入管法上、「企業内転勤」の在留資格に該当する活動とは、
本邦に本店、支店その他の事業所のある公私の機関の外国にある事業所の職員が本邦にある事業所に期間を定めて転勤して当該事業所において行うこの表の技術・人文知識・国際業務の項の下欄に掲げる活動
とされています。

つまり、「企業内転勤」の在留資格において認められている活動は、「技術・人文知識・国際業務」の在留資格において認められている活動と同一であるということです。
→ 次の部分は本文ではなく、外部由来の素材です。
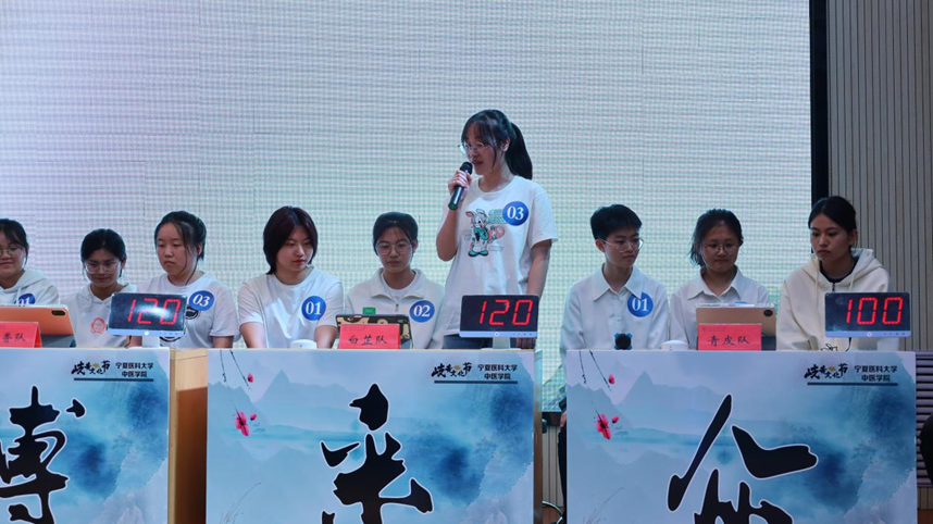 在中医基础理论知识竞赛中,共有24名学生组成的8支队伍登上决赛舞台进行激烈角逐,通过“必答题、抢答题、风险题”三个环节多方位考查同学们对中医基础理论、中药学、中医诊断学等专业基础的掌握程度及思辨能力。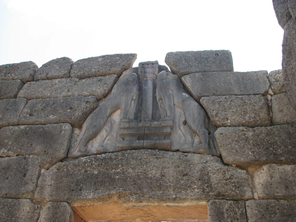 獅子門。出入り口の上の三角形の部分に二頭の獅子が彫られている。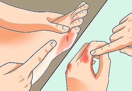 Examine your hands, feet, and fingertips for blisters. The blister may appear to be filled with pus and the skin around the blisters may appear red and tender. These are symptoms of pustular psoriasis, a less common form of psoriasis. If you have this type of psoriasis, you may also experience fever, chills, diarrhea, and severe itching.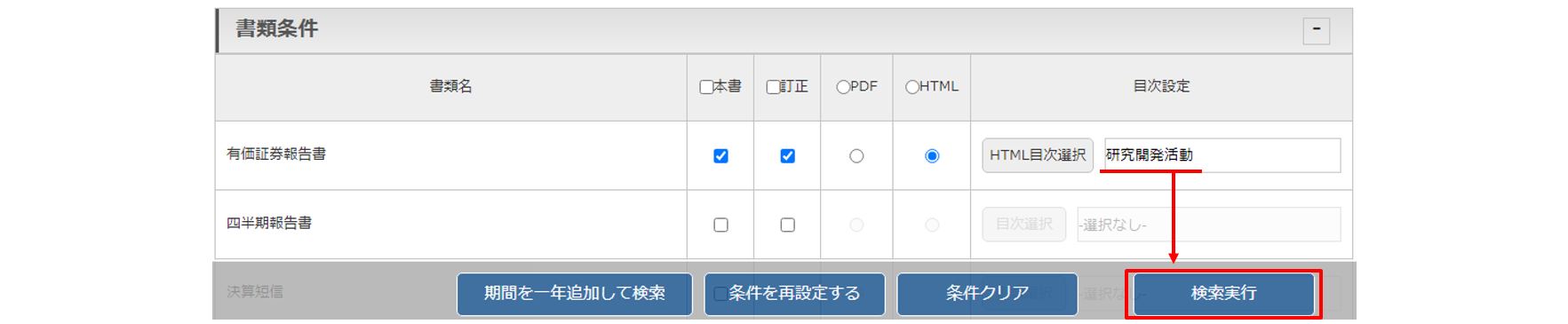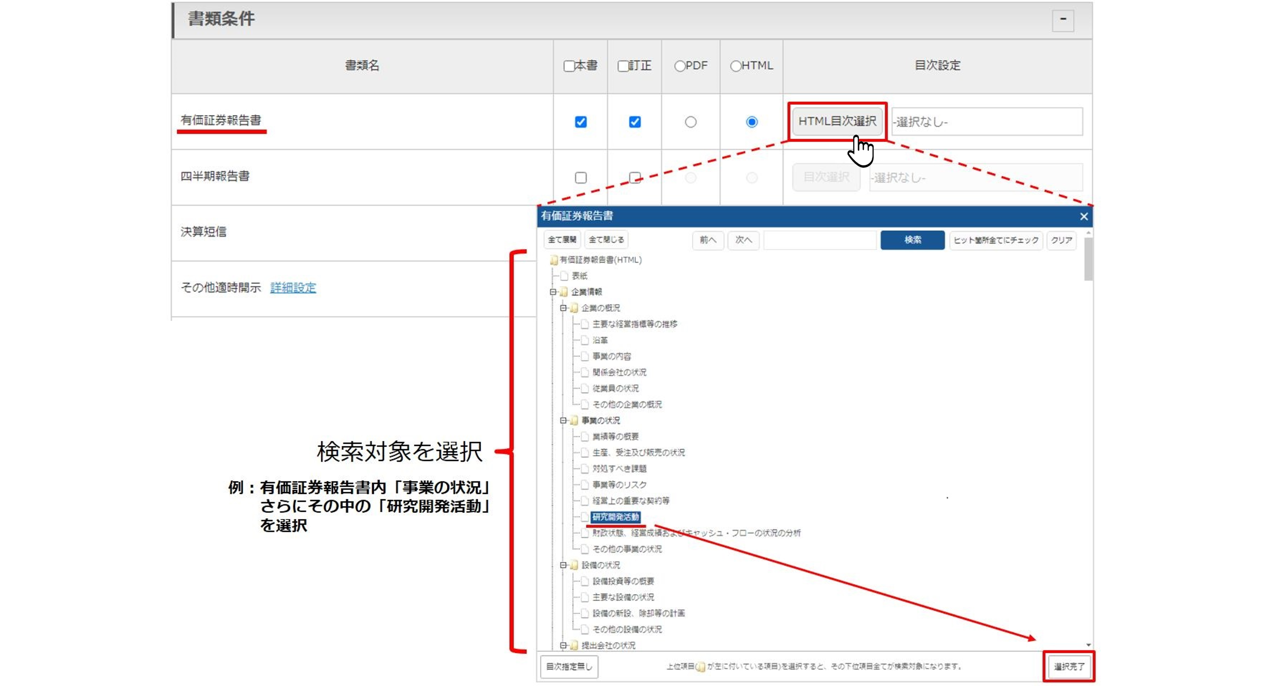 ② 書類は「有価証券報告書」を選択 → 【HTML目次選択】をクリックで検索対象を選択→ 【選択完了】クリック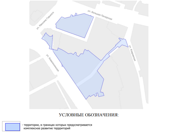 Документ предлагает отобразить на карте зону КРТ в границах улиц Большой Печерской, Максима Горького и Сеченова. Общественные обсуждения по проекту продлятся до 20 марта.

一方、「企業内転勤」の在留資格が、「技術・人文知識・国際業務」の在留資格と相違している点は、
■日本における活動が、一定の転勤期間を定めた活動であること
■転勤した特定の事業所においてしか行うことができないこと
です。

「期間を定めて転勤して」とは、日本の事業所での勤務が一定期間に限られていることを意味しています。したがって、期間の定めなしに日本の事業所で勤務しようとする者については、企業内転筋の在留資格は付与されません。
具体的に「一定期間」が3年なのか、5年なのかは定められていませんが、少なくとも期間を定めずに転勤する場合は、「企業内転勤」ではなく、「技術・人文知識・国際業務」の在留資格を検討することとなります。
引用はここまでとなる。